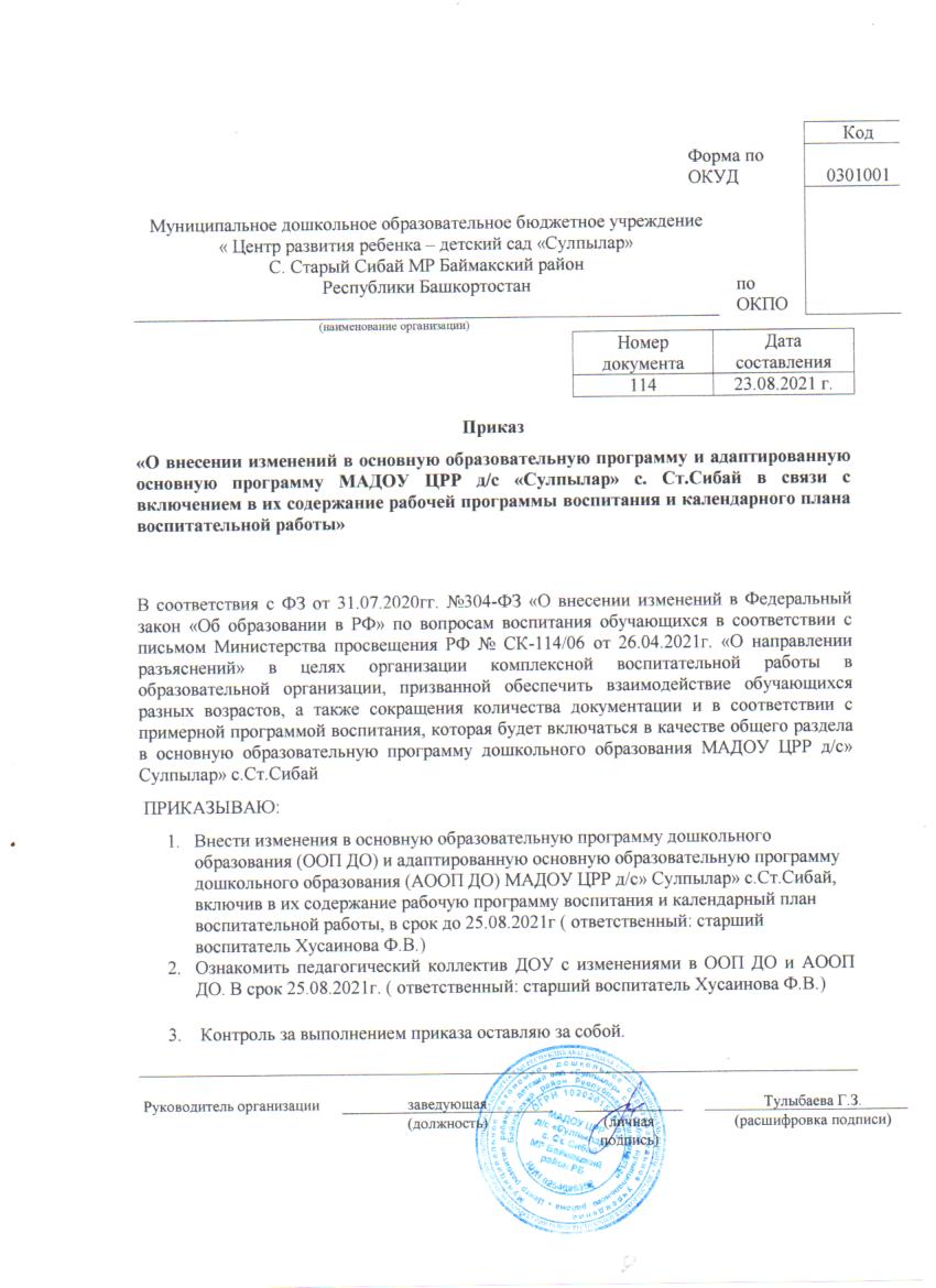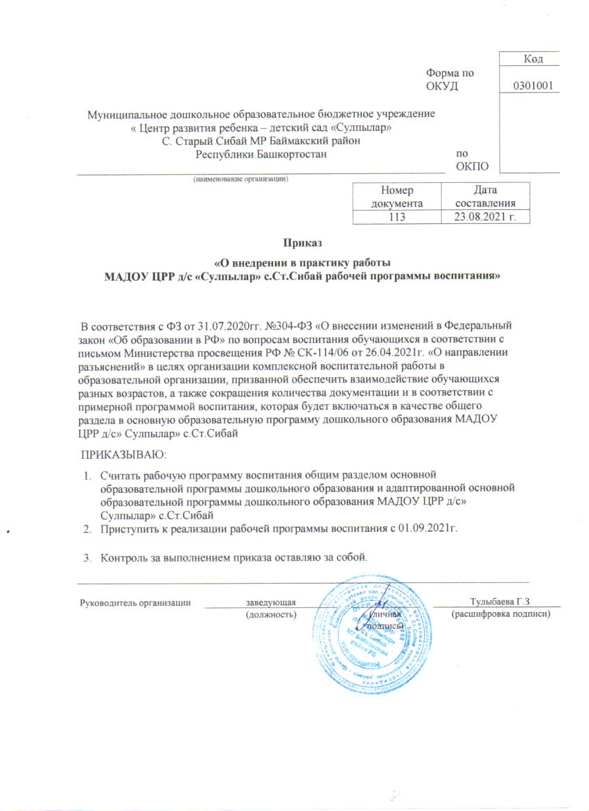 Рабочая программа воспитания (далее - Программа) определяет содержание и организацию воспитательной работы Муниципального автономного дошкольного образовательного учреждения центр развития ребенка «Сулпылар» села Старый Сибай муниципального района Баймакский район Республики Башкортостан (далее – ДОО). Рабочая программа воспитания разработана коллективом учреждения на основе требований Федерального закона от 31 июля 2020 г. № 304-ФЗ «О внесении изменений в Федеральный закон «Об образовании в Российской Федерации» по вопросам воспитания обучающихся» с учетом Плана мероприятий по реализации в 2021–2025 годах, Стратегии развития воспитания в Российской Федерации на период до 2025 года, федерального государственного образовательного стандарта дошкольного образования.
────────
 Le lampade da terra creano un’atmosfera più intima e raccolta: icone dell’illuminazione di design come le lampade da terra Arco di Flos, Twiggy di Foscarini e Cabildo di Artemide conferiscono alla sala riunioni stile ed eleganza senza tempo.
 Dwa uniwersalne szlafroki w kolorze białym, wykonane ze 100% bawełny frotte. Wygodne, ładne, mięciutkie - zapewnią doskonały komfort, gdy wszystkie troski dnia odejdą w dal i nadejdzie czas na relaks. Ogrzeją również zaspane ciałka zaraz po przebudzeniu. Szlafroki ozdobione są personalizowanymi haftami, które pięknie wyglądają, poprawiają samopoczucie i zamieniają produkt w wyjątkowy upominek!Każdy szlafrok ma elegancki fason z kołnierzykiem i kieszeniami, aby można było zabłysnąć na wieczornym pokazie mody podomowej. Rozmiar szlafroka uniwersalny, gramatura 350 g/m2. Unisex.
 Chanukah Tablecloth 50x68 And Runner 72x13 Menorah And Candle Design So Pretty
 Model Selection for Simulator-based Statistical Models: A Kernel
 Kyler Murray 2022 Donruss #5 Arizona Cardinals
────────
In the listing above, find the line with "Chanukah Tablecloth 50x68" and the line with "Kyler Murray 2022", then reproduce both and every line between them exactly.

● **The completed task**:
 Chanukah Tablecloth 50x68 And Runner 72x13 Menorah And Candle Design So Pretty
 Model Selection for Simulator-based Statistical Models: A Kernel
 Kyler Murray 2022 Donruss #5 Arizona Cardinals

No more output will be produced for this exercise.